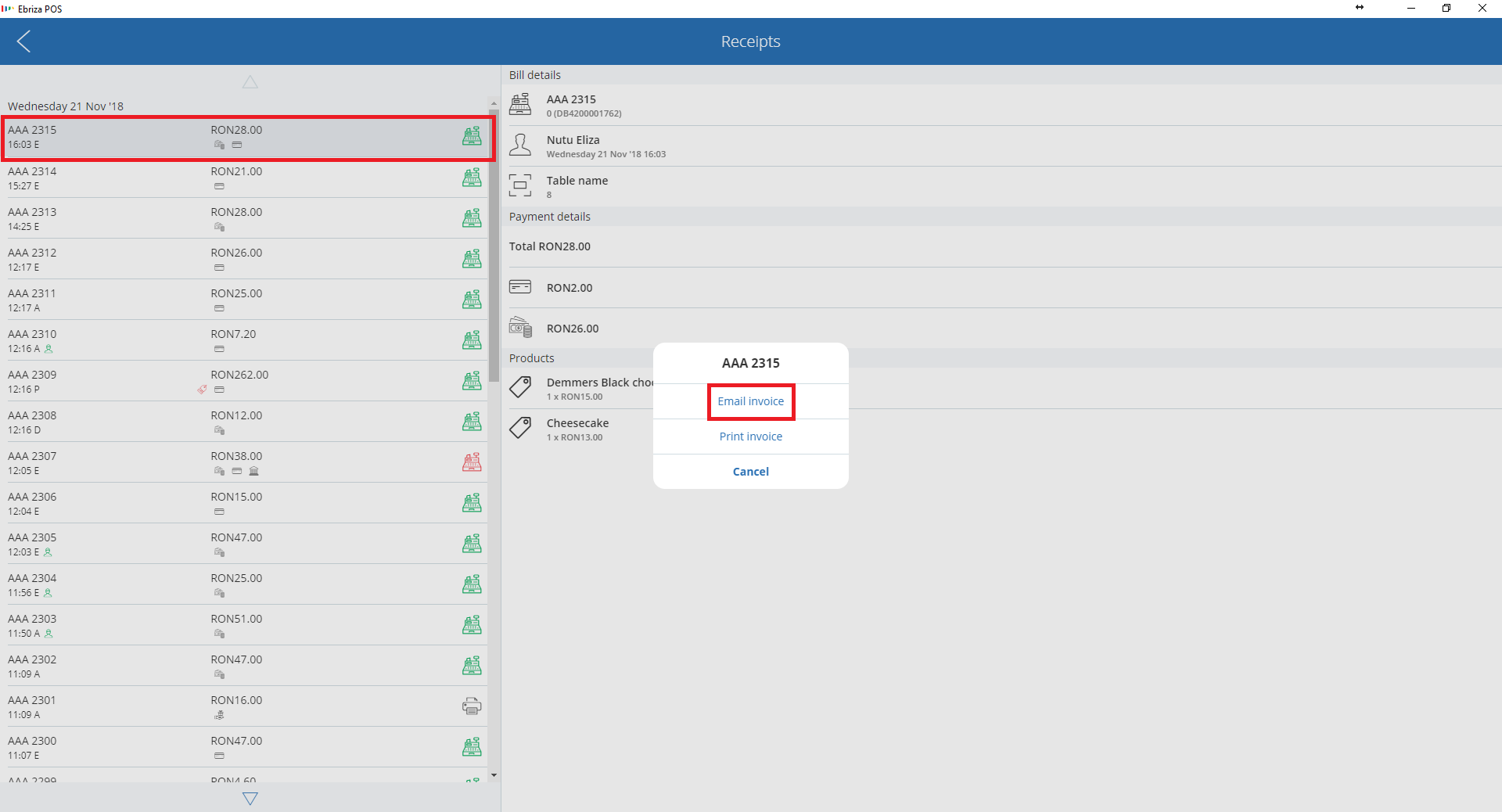 After issuing a fiscal receipt, the specific invoice can be sent via email to the customer. To send the invoice, go to the Receipts menu in the POS and follow these steps:
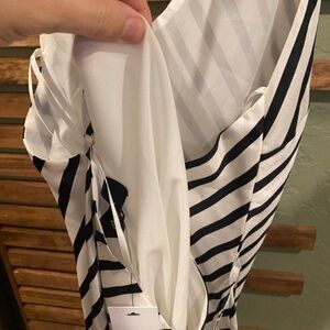 Aakaa black and white stripped maxi summer dress with adjustable spaghetti straps and a thin tie belt. Only worn to try on, still has tag on.
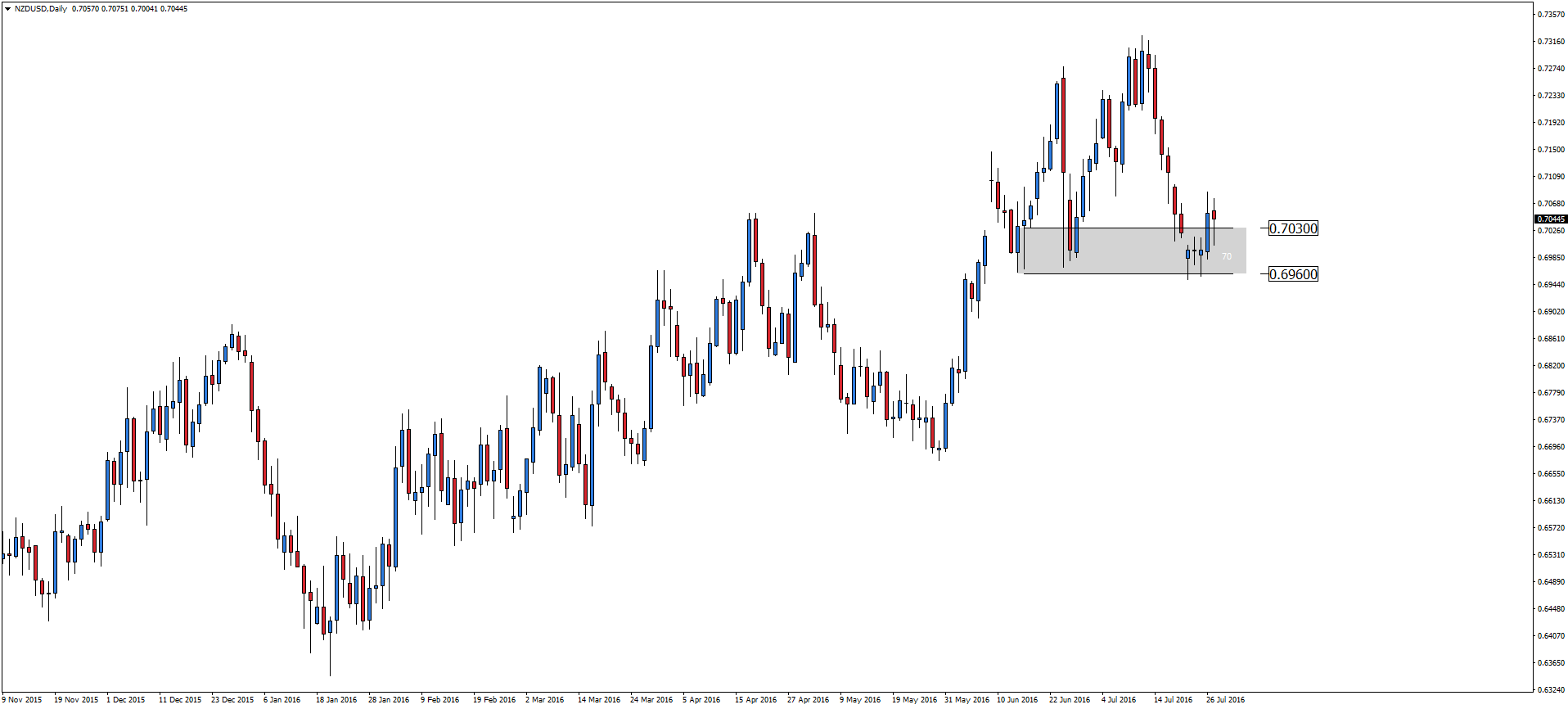 Najbliższe posiedzenie Centralnego Banku Nowej Zelandii odbędzie się 11 sierpnia. Aktualnie rynek z 88% prawdopodobieństwem wycenia obniżkę stóp procentowych. Jest to powód, dla którego dolar nowozelandzki był od pewnego czasu panicznie wyprzedawany. Gdyby bank nie zdecydował się na obcięcie stóp procentowych, to moglibyśmy zauważyć spore umocnienie waluty nowozelandzkiej, jednakże ostatnie reformy oraz zaostrzenia wprowadzone przez BC na rynku nieruchomości sprawiają, że obniżka stała się o wiele bardziej prawdopodobna.
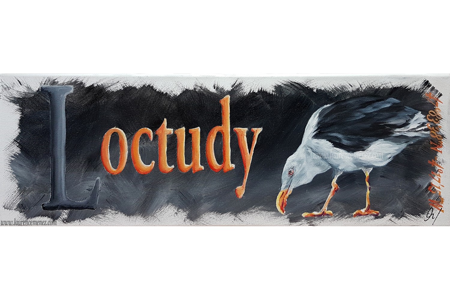 Tableau en peinture à l'huile représentant 1 goéland sur fond gris dégradé avec inscription "LOCTUDY" et position gps.
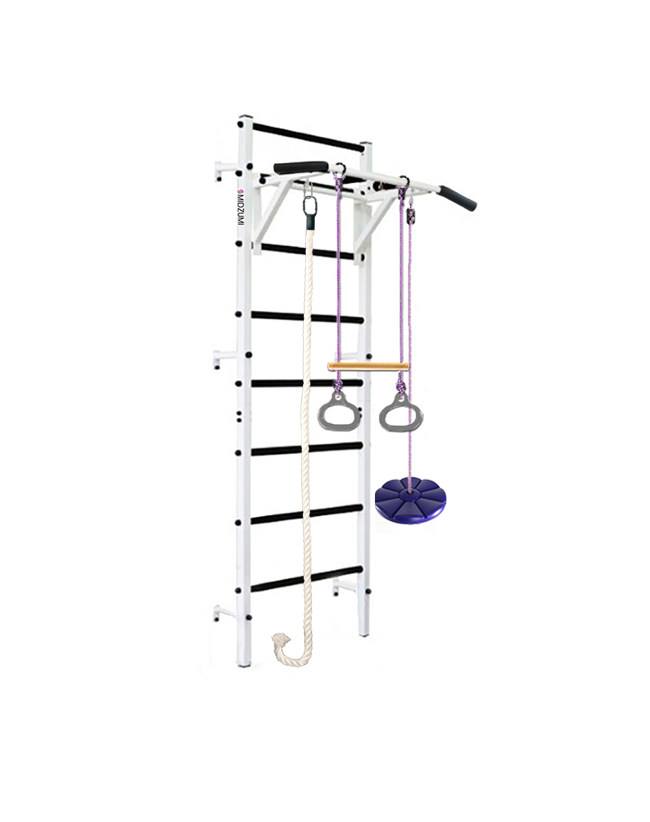 Функциональный комплекс для всей семьи! Нейтральный белый цвет придется по вкусу и мужчинам, и женщинам, и детям. Предусмотрены дополнительные крепления для аксессуаров и снарядов (боксерская груша, TRX и пр.). Турник передвижной, устанавливается под размер пользователя. Прорезиненные ступени и хваты предотвратят скольжение и создадут приятные ощущения во время тренировок. Прочная металлическая конструкция позволяет выдерживать нагрузку до 250 кг. Рассчитан в первую очень на занятия взрослому, но возможно заниматься и ребенку.

→ **Work item**: The answer is the lines above from the one with "Aakaa black and" to the one with "Tableau en peinture", set down exactly, with no pictures.

→ **Task result**:
 Aakaa black and white stripped maxi summer dress with adjustable spaghetti straps and a thin tie belt. Only worn to try on, still has tag on.
 Najbliższe posiedzenie Centralnego Banku Nowej Zelandii odbędzie się 11 sierpnia. Aktualnie rynek z 88% prawdopodobieństwem wycenia obniżkę stóp procentowych. Jest to powód, dla którego dolar nowozelandzki był od pewnego czasu panicznie wyprzedawany. Gdyby bank nie zdecydował się na obcięcie stóp procentowych, to moglibyśmy zauważyć spore umocnienie waluty nowozelandzkiej, jednakże ostatnie reformy oraz zaostrzenia wprowadzone przez BC na rynku nieruchomości sprawiają, że obniżka stała się o wiele bardziej prawdopodobna.
 Tableau en peinture à l'huile représentant 1 goéland sur fond gris dégradé avec inscription "LOCTUDY" et position gps.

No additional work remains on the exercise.